6.03 ALLOCATION OF OVERTIME

(1) Posting. All overtime of the department schedule, where practicable, shall be posted. If more persons qualified for such overtime work sign for such than are needed, allocation of the overtime shall be on a seniority basis among those qualified for the work. (It is contemplated that at times it will be necessary to determine the qualification of the employee to work overtime based upon the employee's knowledge of the subject of the overtime work or the training and expertise of the employee. However, in the event of a dispute as to the same, the City shall have the burden of establishing the necessity.) In allocating overtime the department shall ask for volunteers on the basis of seniority regardless of whether the officer is on a work or off day. In the event sufficient volunteers are not found, the balance of the overtime shall be assigned on the basis of inverse seniority among those on their workdays and then by inverse seniority among those on off days. Management may refuse overtime where there is a legitimate safety concern. Practicability of posting shall be determined in light of time available for posting and departmental or public security, or other relevant and sufficient factors.

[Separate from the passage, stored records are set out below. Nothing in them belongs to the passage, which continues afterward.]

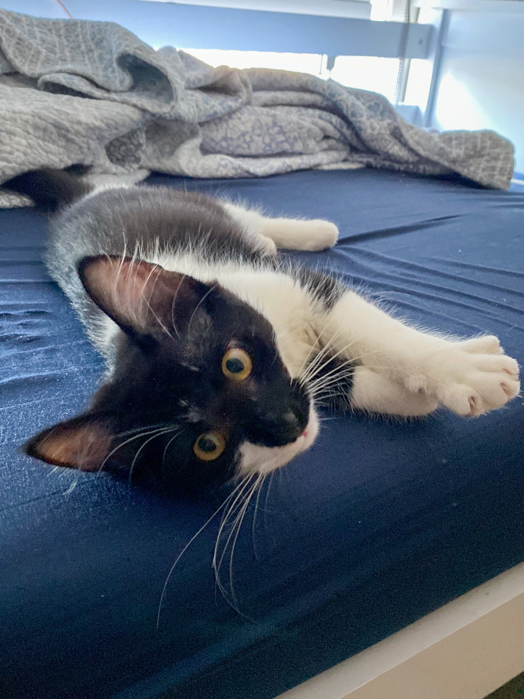 If you are looking for a cuddly kitten you can't go past Butler. He only has to look at you and his little feet start kneading the floor with excitement. His favourite spot is wherever you are.
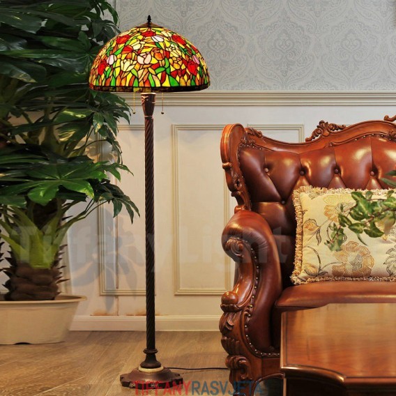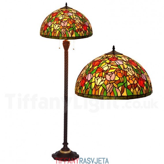Ručno izrađena vintage podna lampa Tiffany s motivom tulipana od 20 inča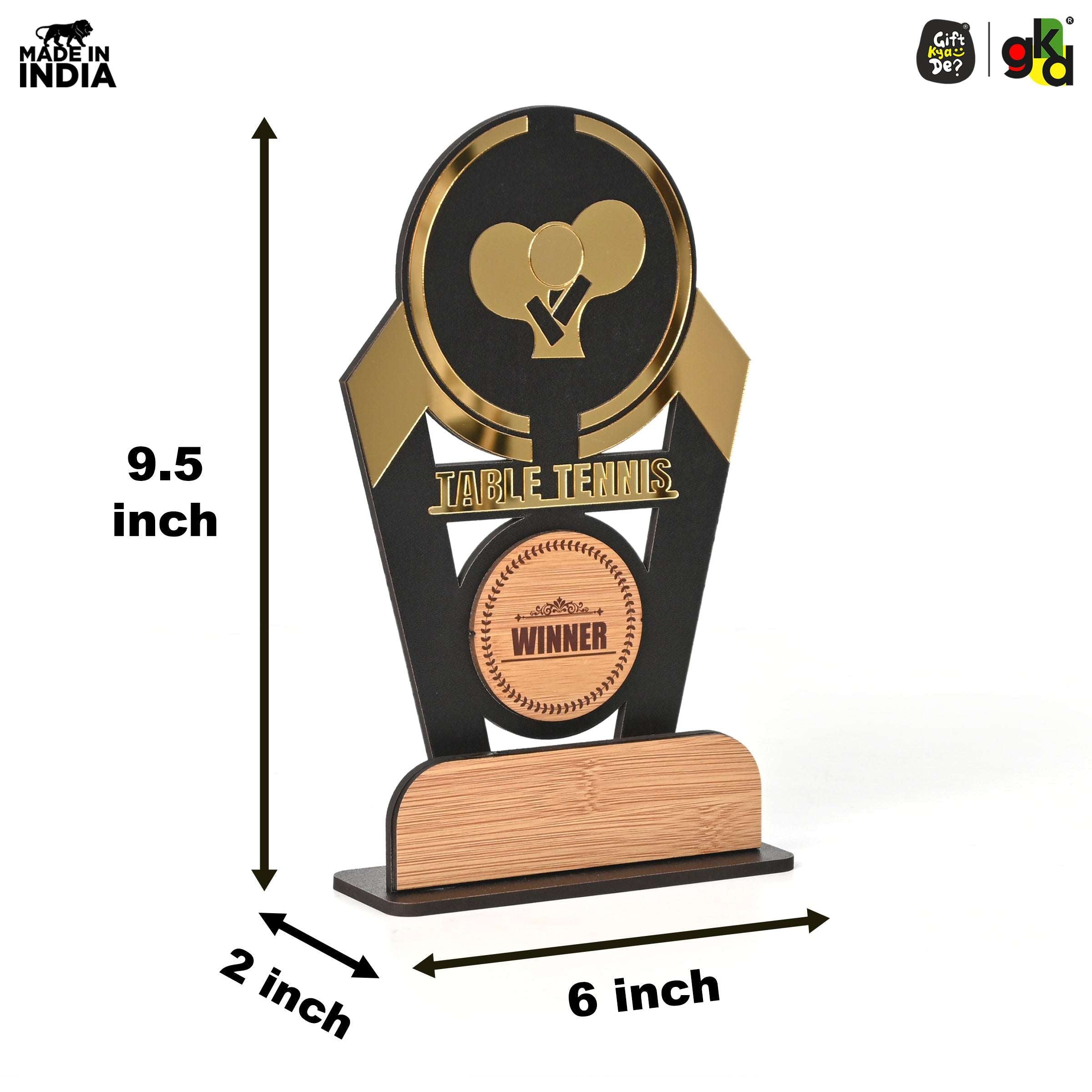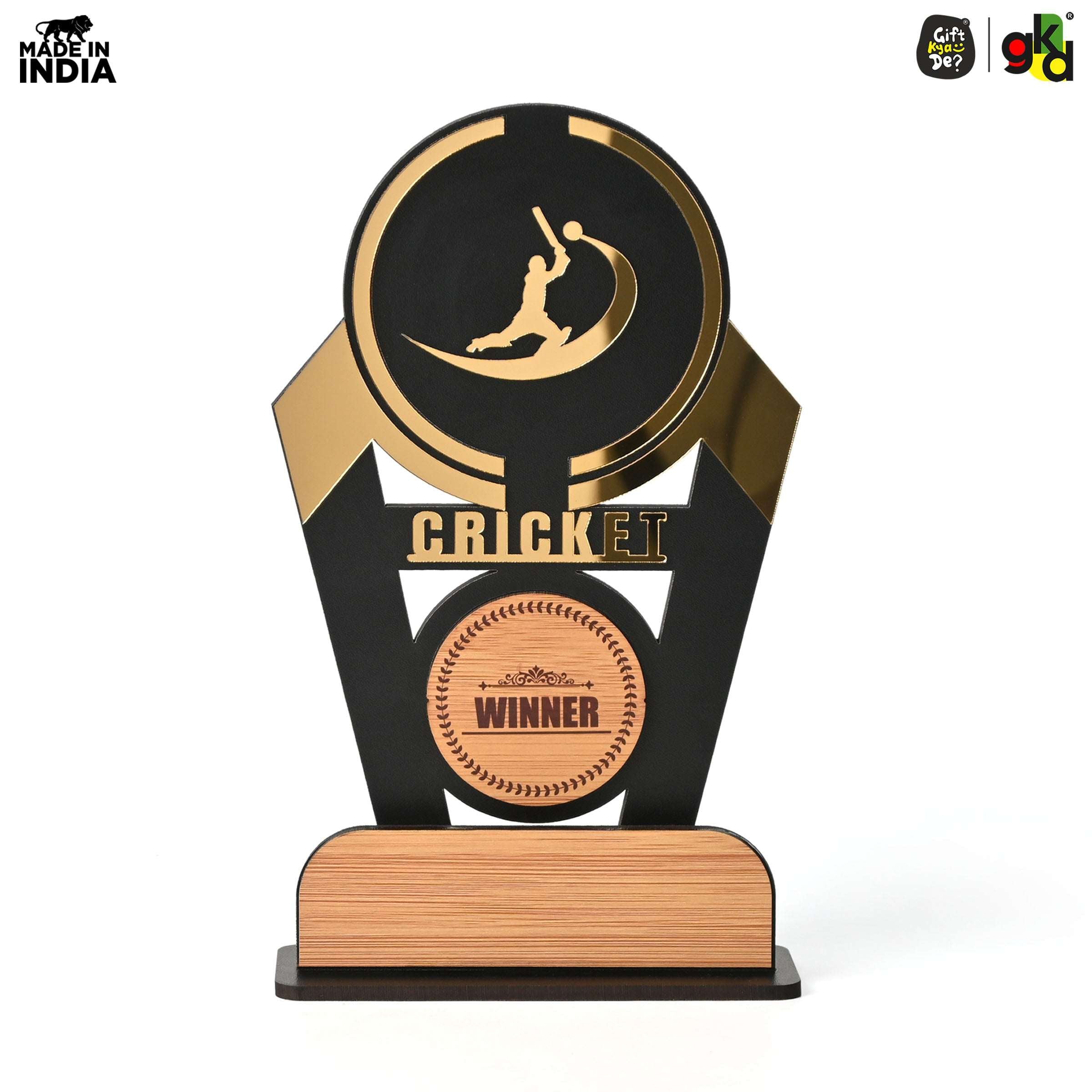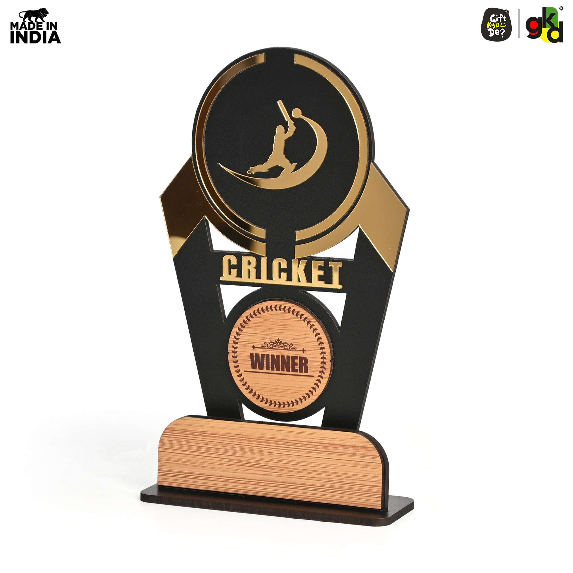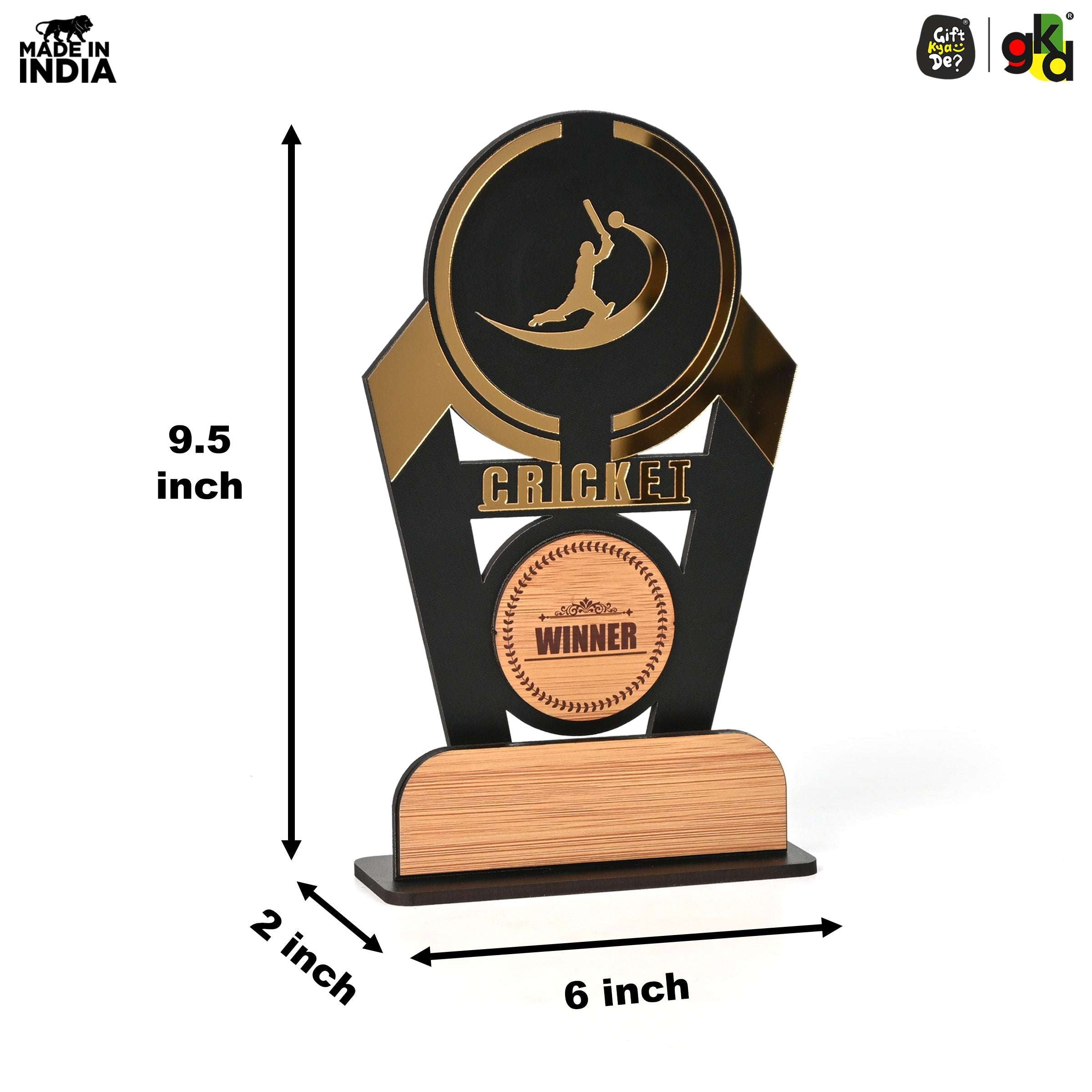 Wooden Sports Winner Trophy - Cricket, Football, Table Tennis, Yoga, Basketball | 9.5 x 6 Inches | School, College & Corporate Events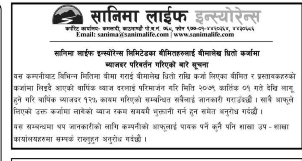 काठमाडौं । सानिमा लाइफ इन्स्योरेन्स कम्पनीले बीमितहरुलाई दिँदै आएको बीमालेख धितो कर्जाको व्याजदर परिवर्तन भएको छ । कम्पनीले एक सुचना जारी गर्दै कम्पनीबाट विभिन्न मितिमा बीमा गराई बीमालेख धितो राखी कर्जा लिएका बीमित र प्रस्तावकहरुको कर्जामा लिइदै आएको व्याजदर परिमार्जन गरी १२ प्रतिशत कायम गरेको बताएको छ ।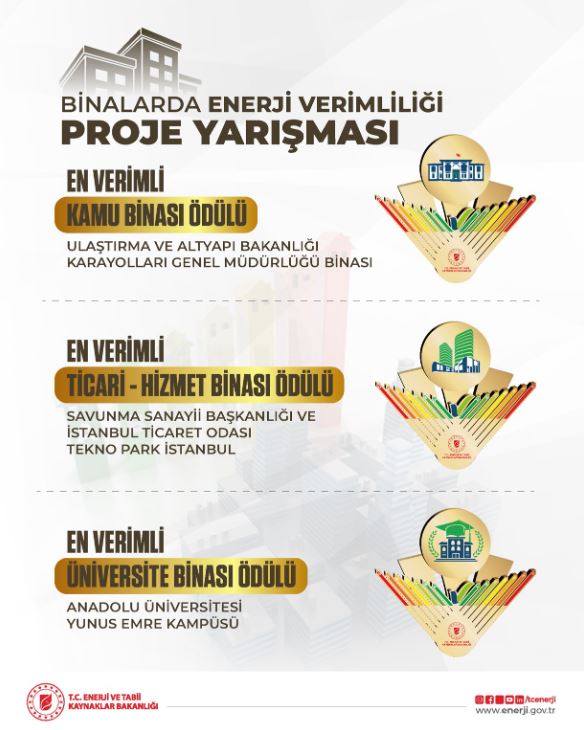 Enerji ve Tabii Kaynaklar Bakanlığından yapılan açıklamaya göre; üç ayrı kategoride düzenlenen BENVER-2 Yarışmasının kazananları 125 kamu, hizmet ve ticari bina arasından seçildi. Jüri, yarışmada yer alan binalarda hangi enerji verimliliği adımlarının atıldığını inceledi. Binaların enerji verimliliğine katkı sağlayan uygulamaları tek tek tespit edildi. Yarışmada yapılan incelemeler sonucunda 3 bina ödüle layık görüldü. Ticari-Hizmet Binaları kategorisinde, Savunma Sanayii Başkanlığı ile İstanbul Ticaret Odası ortaklığında faaliyet gösteren TEKNOPARK İstanbul, En Verimli Ticari-Hizmet Binası ödülünü kazandı. Kamu Binaları kategorisinde ise Ulaştırma ve Altyapı Bakanlığına bağlı Karayolları Genel Müdürlüğünün binası öne çıktı. LED aydınlatma dönüşümü, ısıtma sistemlerinin optimizasyonu ve soğutma için yapılan uygulamalarla dikkat çeken Karayolları Genel Müdürlüğü, En Verimli Kamu Binası ödülünü alarak birinci oldu.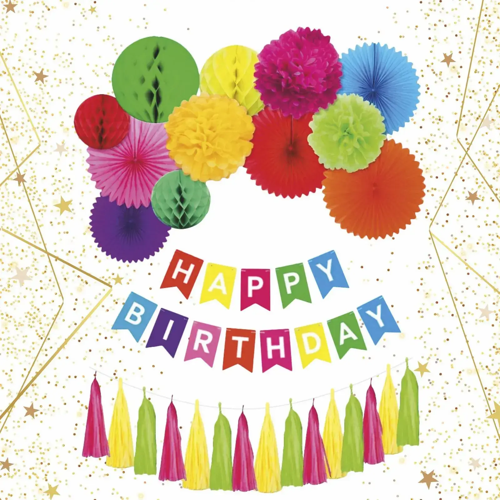 Набор подходит для оформления различных праздников, включая дни рождения, юбилеи и другие торжества. Просто развесьте декоративные элементы в помещении или на улице, создавая эффектный фон для фотографий. Используйте скотч, веревку и скрепки, которые также входят в комплект, для удобного крепления элементов.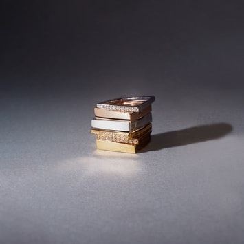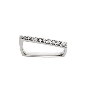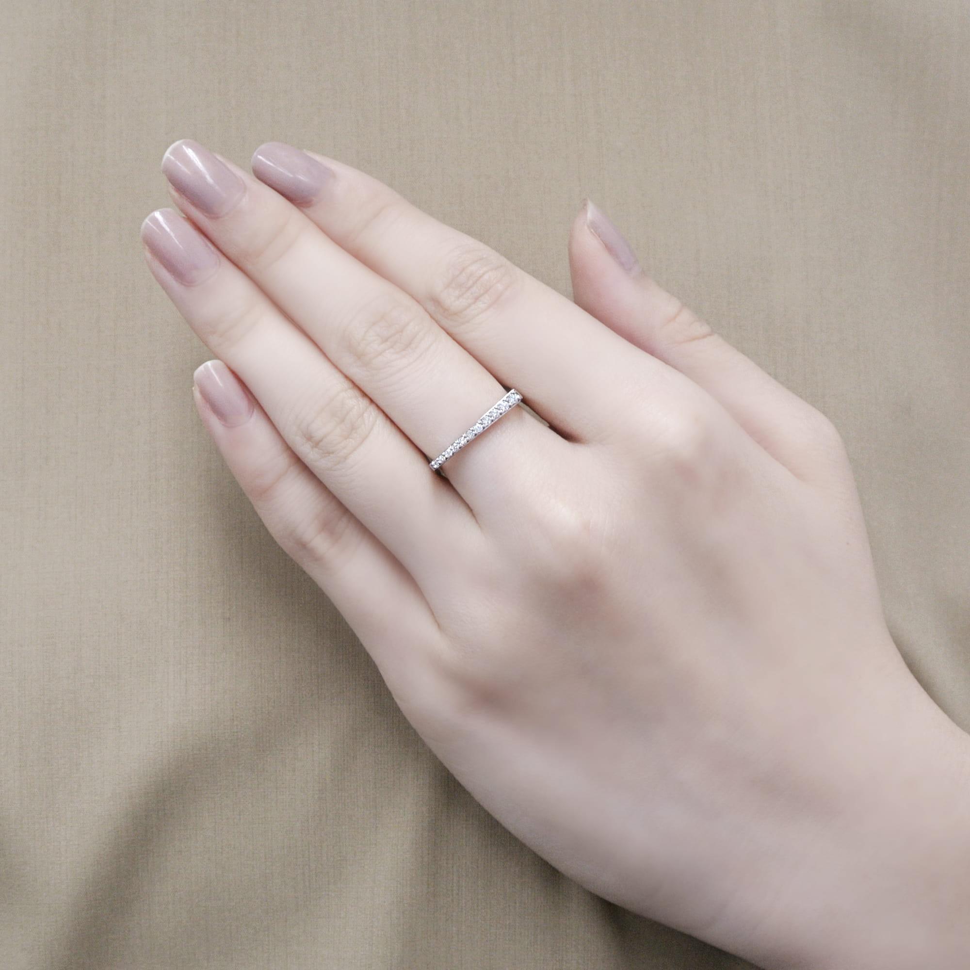 どんなシーンにも合わせやすいホワイトゴールドは、大小のダイヤの様々な煌めきを落ち着いた大人の印象にまとめてくれます。ななめのラインは指を長く、ほっそりと美しく見せてくれる効果があります。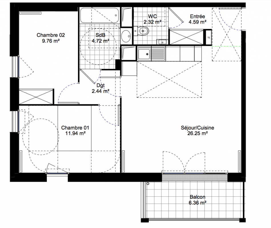 262 800€ Appt. T3 59.69m2 3ème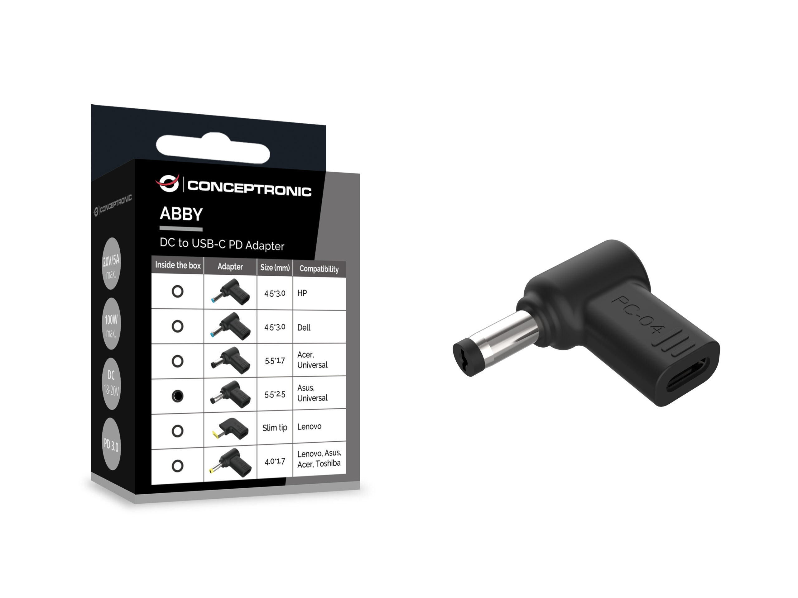 Conceptronic ABBY15PC04. Tipo de producto: Clavija de adaptador de corriente para ordenador portátil, Color del producto: Negro, Marca compatible: Asus. Voltaje de entrada: 18 – 20 V. Cantidad por paquete: 1 pieza(s), Ancho del paquete: 50 mm, Profundidad del paquete: 25 mm. Ancho: 30 mm, Profundidad: 30 mm, Altura: 6 mm. Anchura del palé: 120 cm, Longitud del palé: 80 cm, Altura del palé: 152 cm

This paragraph shall not apply to overtime resulting from an extension of a person's normal workday duty, nor shall it apply to overtime not assigned by the City of Green Bay.

. . .

(3) Overtime as Duty Assignment. An overtime assignment may be cancelled by the City at any time, provided that if it is cancelled within 24 hours of the scheduled start of the assignment, the officer shall be paid minimum call-in under sec. 6.04 below, or in the case of shift overtime, payment for the entire shift. The term "cancel" shall include cutting short overtime which was planned to run for more than 3 hours.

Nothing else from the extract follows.